___ DATASET CONTENT ___

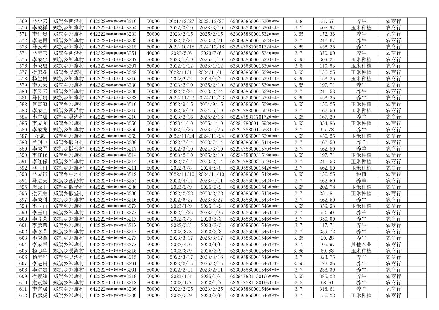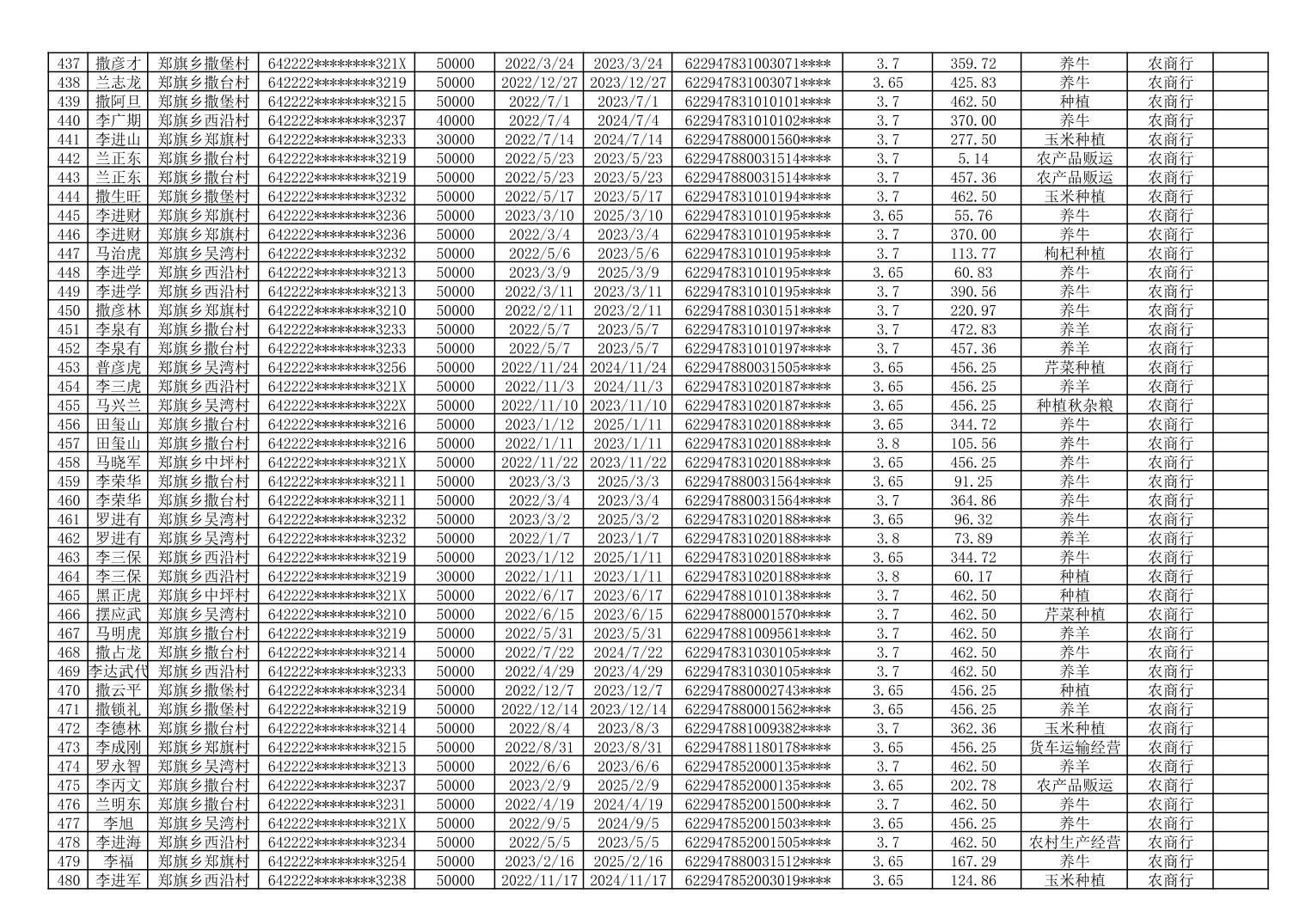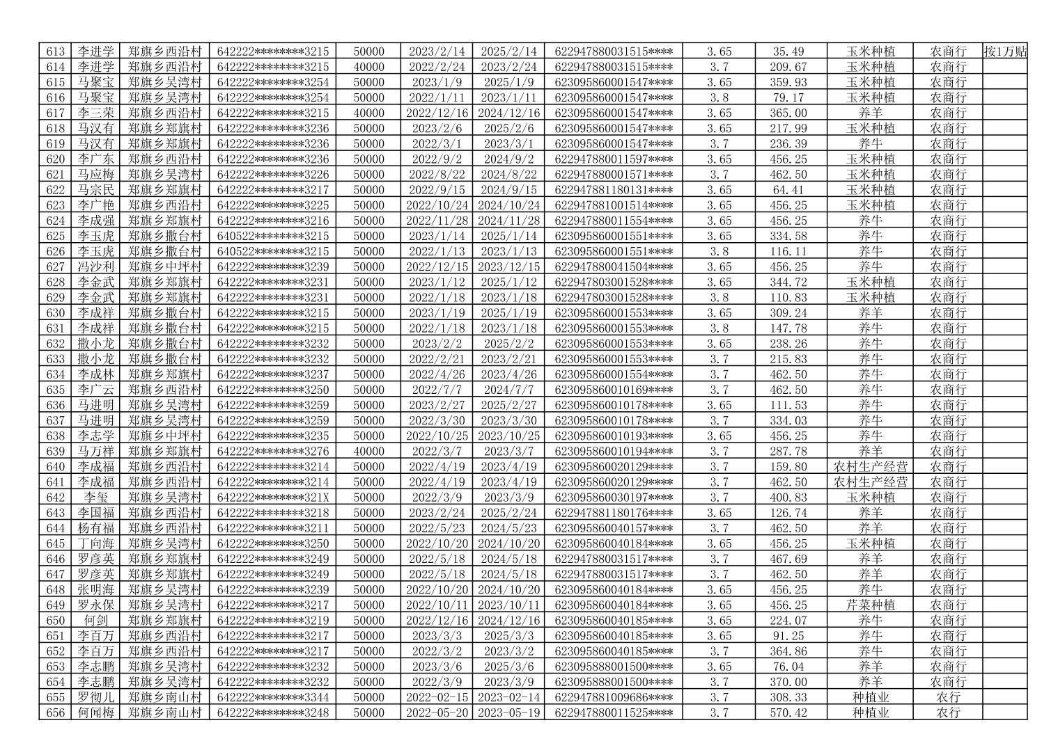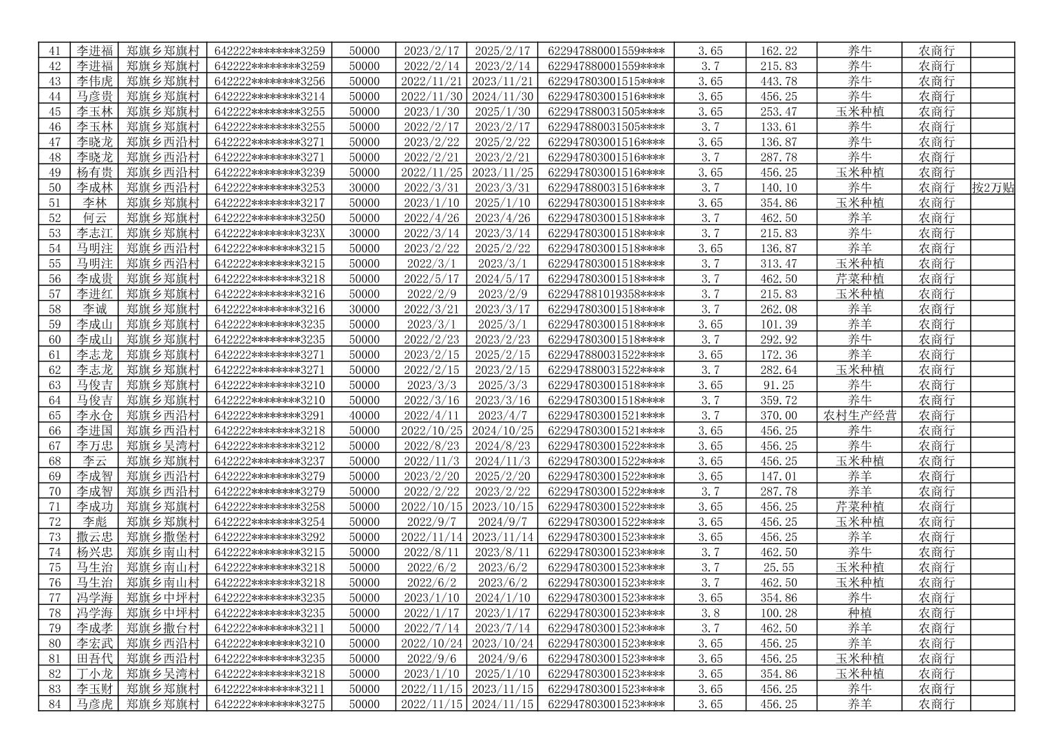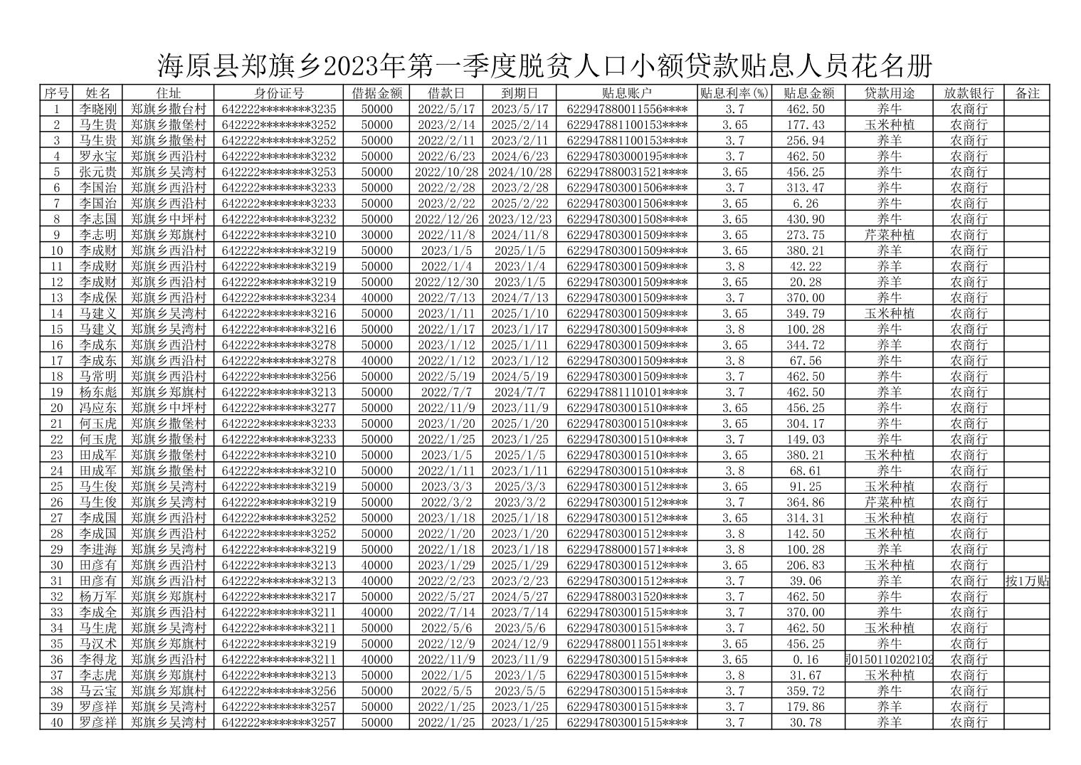 海原县郑旗乡2023年第一季度脱贫人口小额贷款贴息人员花名册
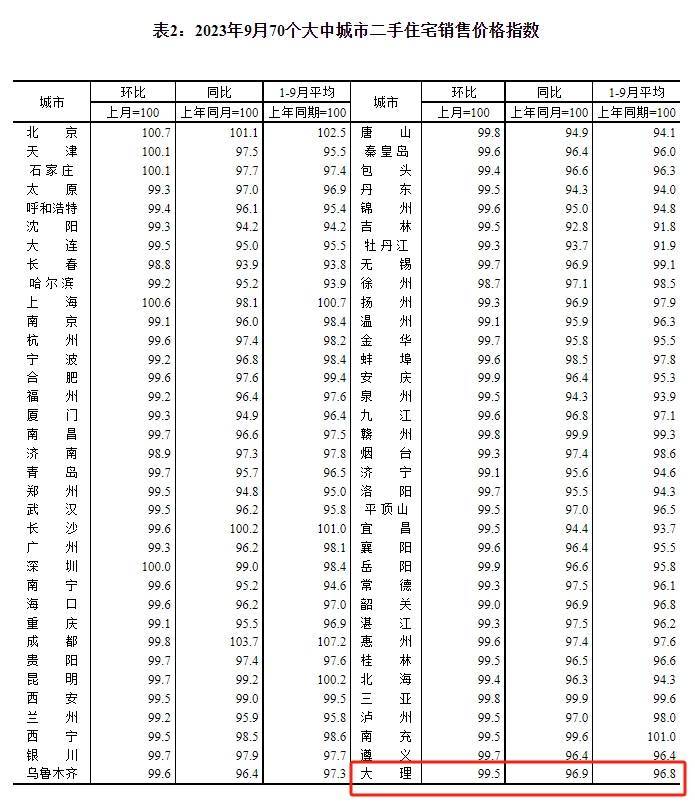 根据发布的数据来看,2023年9月份大理市新建商品住宅销售价格环比上涨0.2%,同比下跌2.6%;2023年9月份大理市二手住宅销售价格环比下跌0.5%,同比下跌3.1%。
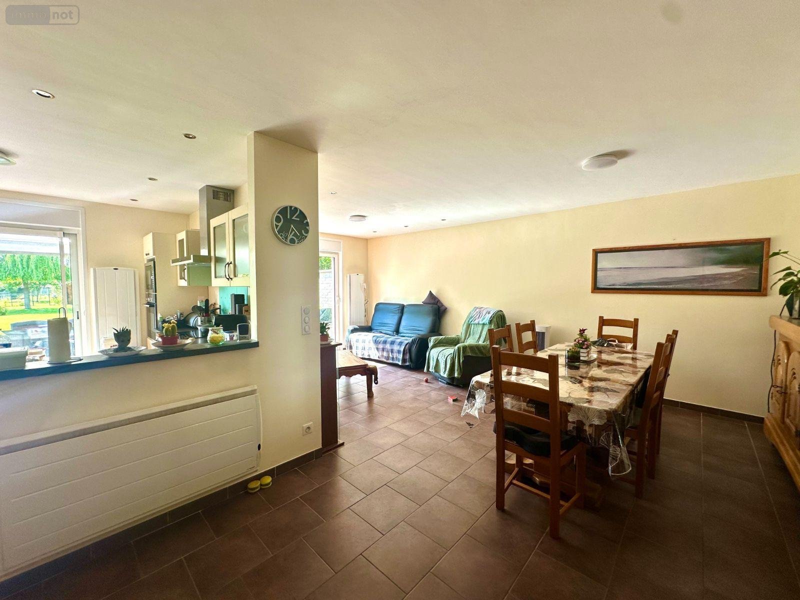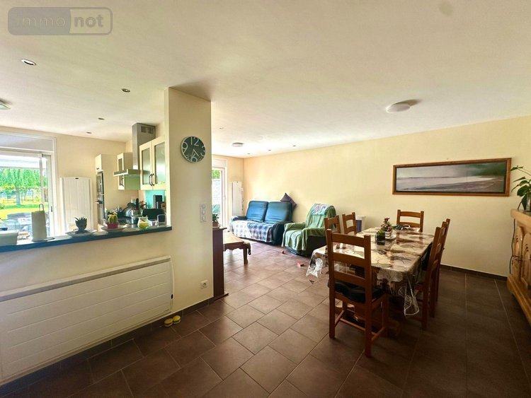 Le hall d'entrée distribue les pièces de vie qui se trouve à l'écart de l'espace nuit. De part et d'autre du couloir, deux chambres de 11 m² et 15 m². Le couloir dessert ensuite les pièces de vie, salon et séjour spacieux et lumineux, donnant une agréable vue sur le jardin via une large baie vitrée. La cuisine est ouverte sur les espaces de vie, créant une atmosphère conviviale et chaleureuse. On y trouve également une salle de bains ainsi qu'une buanderie, véritable plus !
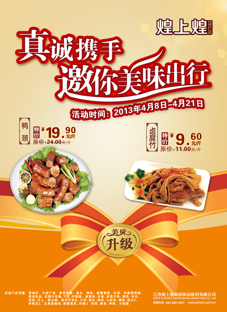 活動(dòng)內(nèi)容:鴨脖特價(jià)19.9元/斤(原價(jià)24元/斤),鹵腐竹特價(jià)9.6元/斤(原價(jià)11元/斤)
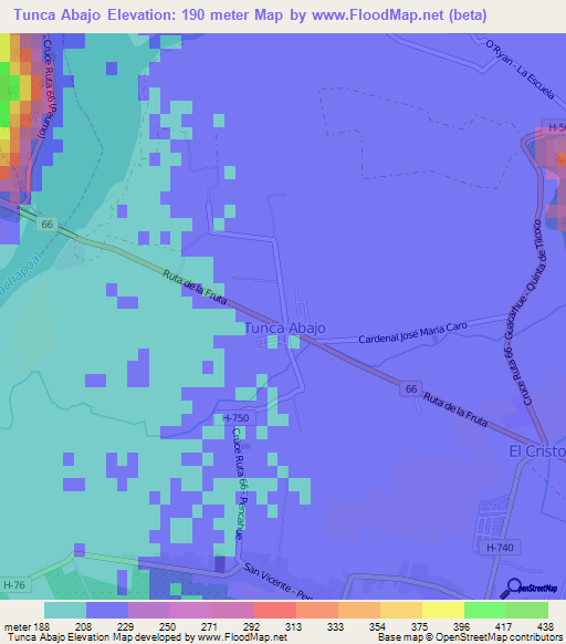 Note:Please note that Tunca Abajo,Chile Elevation Map is in beta.
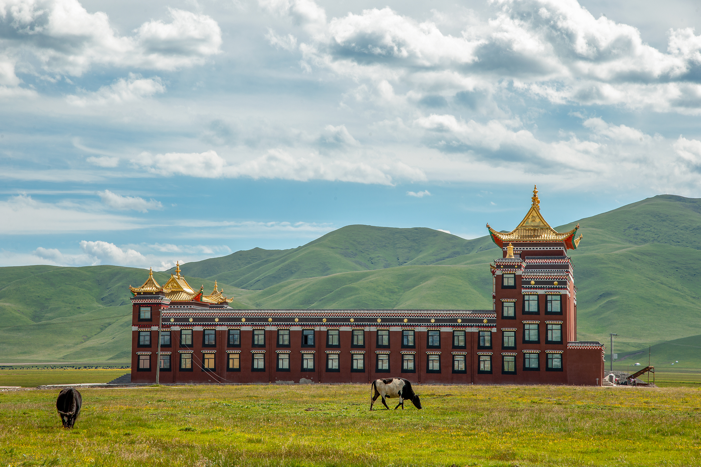 这个地方其实不是我们的景点内容,只是几次经过都有不同的收获,去年走这里,下大雨,雨后马上出现的彩虹,今年再次经过这个地方,只见成群的牛羊在吃草,远处几个红衣喇嘛席地而坐,如画般绮丽,于是赶紧的停车跑过去拍了几张,后来看路牌才知道这个寺院叫阿木去乎寺,这名字很拗口,读了好几次才记住。
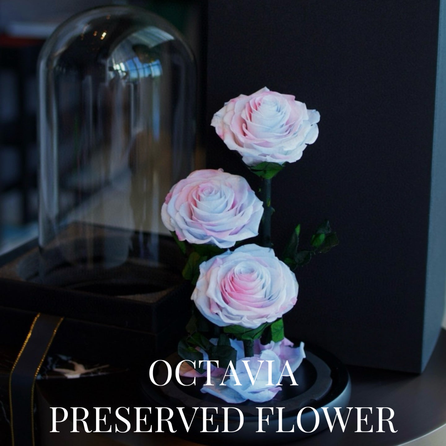 PFN18-三朵永生花玻璃罩(色)
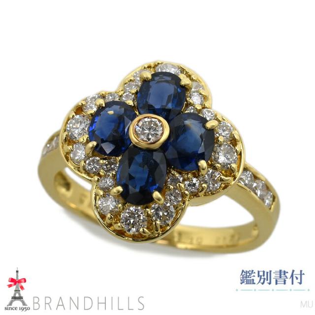 サファイア 1.79ct ダイヤモンド 0.80ct リング 鑑別書付 K18金 750YG フラワーモチーフ 指輪 #15.5 5.9g 極美品 【中古】
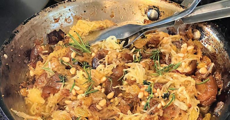 Cut squash in half lengthwise and remove seeds. Brush with oil and dust with salt and pepper. Roast, cut side down, at 400 degrees for 35–40 minutes. Cool, then scrape into strands with a fork.
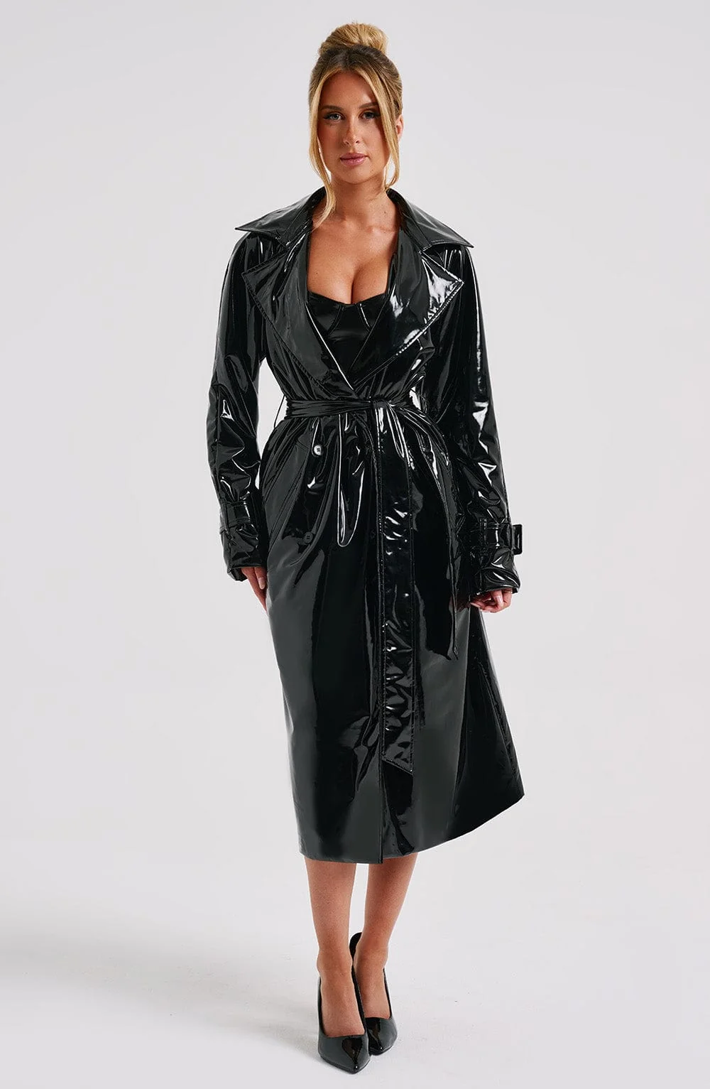 Elevate your wardrobe with our black vinyl trench jacket. Crafted from premium material, this stylish coat features a double-breasted design, waist-cinching belt, and a flattering midi length. Perfect for adding a touch of sophistication to any outfit. The trench jacket is a timeless classic that never goes out of style. Suitable for various occasions from evening events to everyday wear. Get yours now and experience the ultimate in chic outerwear!

___

▶ DESCRIPTION OF THE TASK: Return the opening line of the data above and every line after it up to and including the line that holds "根据发布的数据来看,2023"; pictures stay out.

▶ WRITTEN RESPONSE:
 海原县郑旗乡2023年第一季度脱贫人口小额贷款贴息人员花名册
 根据发布的数据来看,2023年9月份大理市新建商品住宅销售价格环比上涨0.2%,同比下跌2.6%;2023年9月份大理市二手住宅销售价格环比下跌0.5%,同比下跌3.1%。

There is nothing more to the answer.